Environmental Layers

Climate and elevation layers were obtained from the WorldClim database, version 1.4 [29]. This database provides climate layers at a spatial resolution of 1 km2 and is derived from weather station data from 1950-2000 [30]. For the purposes of this study, the WorldClim bioclimatic variables were used (Table 2).

Table 2 WorldClim bioclimatic variables used in model development.
Full size table

Land cover data were obtained from the U.S. Geological Survey's (USGS) Earth Resources Observation and Science (EROS) Data Center [31]. This is a global land cover classification that is broken into 96 land cover classes at 1-km resolution. Of the ninety-six classes, only 60 occur in the study area. The 68 training points for P. papatasi fall into just 10 of these classes (Table 1). The 60 training points for P. alexandri are associated with 10 classes (Table 1).

Model Building and Evaluation

The niche modeling application MaxEnt was used in this analysis [32]. The MaxEnt program develops models of species distribution, subject to environmental variables entered into the model building process, using the principles of the maximum entropy distribution [33, 34]. Models were developed using MaxEnt version 3.2.1.

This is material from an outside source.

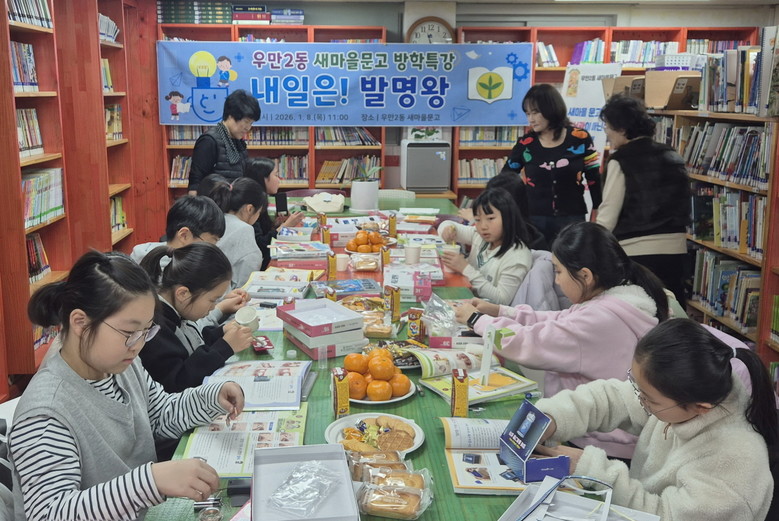 [수원시 세계타임즈=송민수 기자] 수원시 팔달구 우만2동 새마을문고회(회장 김옥순)는 지난 8일 우만2동 행정복지센터 2층 새마을문고에서 관내 학생들을 대상으로 겨울방학 맞이 ‘내일은 발명왕’ 특강을 진행했다.

Seventy-five percent of the data points for each species were randomly selected as training points, used in model building. The remaining 25% of the records were test points, used in model validation. Duplicate presence records were removed by the MaxEnt program prior to model development. The MaxEnt model output was set to logistic, which returns an estimated probability of presence for a given location between the values of 0 (no probability of species presence) and 1 (species is certain to be present). All other parameters were set to the default settings.

The model was evaluated using both threshold-dependent and threshold-independent methods. The area under the curve (AUC) of the receiver operating characteristic (ROC) analysis is a threshold-independent method of evaluating model quality. This technique computes the total area under the curve created by plotting sensitivity against the fractional predicted area for the species [3335]. The threshold-dependent measure used here is the minimum training presence in which the probabilities are converted to binomial values with 0 being absent and 1 being present [3335]. Using this method, all pixels with a probability of presence equal to or greater than that of the training point with the lowest probability of presence are classified as present and all pixels with a lower probability of presence are classified as absent. A one-tailed binomial test is then performed with the null hypothesis being that the model does not predict the test points better than random [33].

In order to determine which variables contribute most to the model development, the MaxEnt program was set to calculate jackknife tests of variable importance. The jackknife procedure produces three different types of models: (1) models created with one variable at a time excluded and all other variables included, (2) models created with only one variable included, and (3) a model created with all variables [3335]. Variables that are most important to model development are those that decrease the training gain when removed from the model and show gain when the model is developed with only one variable.

Disclaimer

Material has been reviewed by the Walter Reed Army Institute of Research. There is no objection to its publication. The opinions or assertions contained herein are the private views of the author, and are not to be construed as official, or as reflecting true views of the Department of the Army or the Department of Defense.